- Prep Time
- 5 mins
- Total Time
- 35 mins
- Serves 30
- Refrigerated buttermilk biscuit dough
- Extra lean turkey meatballs
- Fresh cranberry sauce
- Organic baby spinach
- Brie double cream cheese, thinly sliced
- Step 1
- Preheat oven to 375 °F (190 °C). Open and separate biscuit dough into 10 pieces as directed. Pinch each piece of dough in thirds (don't roll) to make 3 mini buns from each piece (for a total of 3 small buns). Place on parchment paper-lined baking tray, lightly brush each with water and sprinkle with 1/8 tsp (0.5 mL) sesame seeds.
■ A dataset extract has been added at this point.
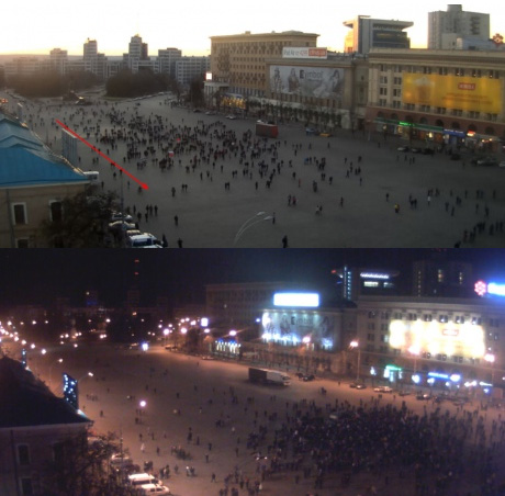 La toma de la Administración por los manifestantes separatistas pro-rusos se planeó para las 21:00 (hora ucraniana). Acerca de 500 personas, entre ellos casi 30 «militantes» – con pasamontañas y camuflaje. En sus declaraciones aseguraban que sólo necesitaban aguantar (la toma de la Administración) 24 horas porque la «ayuda» (¿¡de Rusia!?) ya está de camino…

Bake until golden and cooked through, about 10 min; let cool.
- Step 2
- At the same time in oven, cook 30 meatballs according to package directions, 12 to 15 min., turning halfway through cooking time. While still hot, toss meatballs with 1/2 cup (125 mL) cranberry sauce and salt and pepper to taste.
- Step 3
- Cut each bun in half. Spoon a little cranberry sauce on each bun bottom, top with 3 spinach leaves folded in half and a small slice of brie cheese. Top each with a meatball, cap with bun top and secure with a small bamboo or wooden skewer.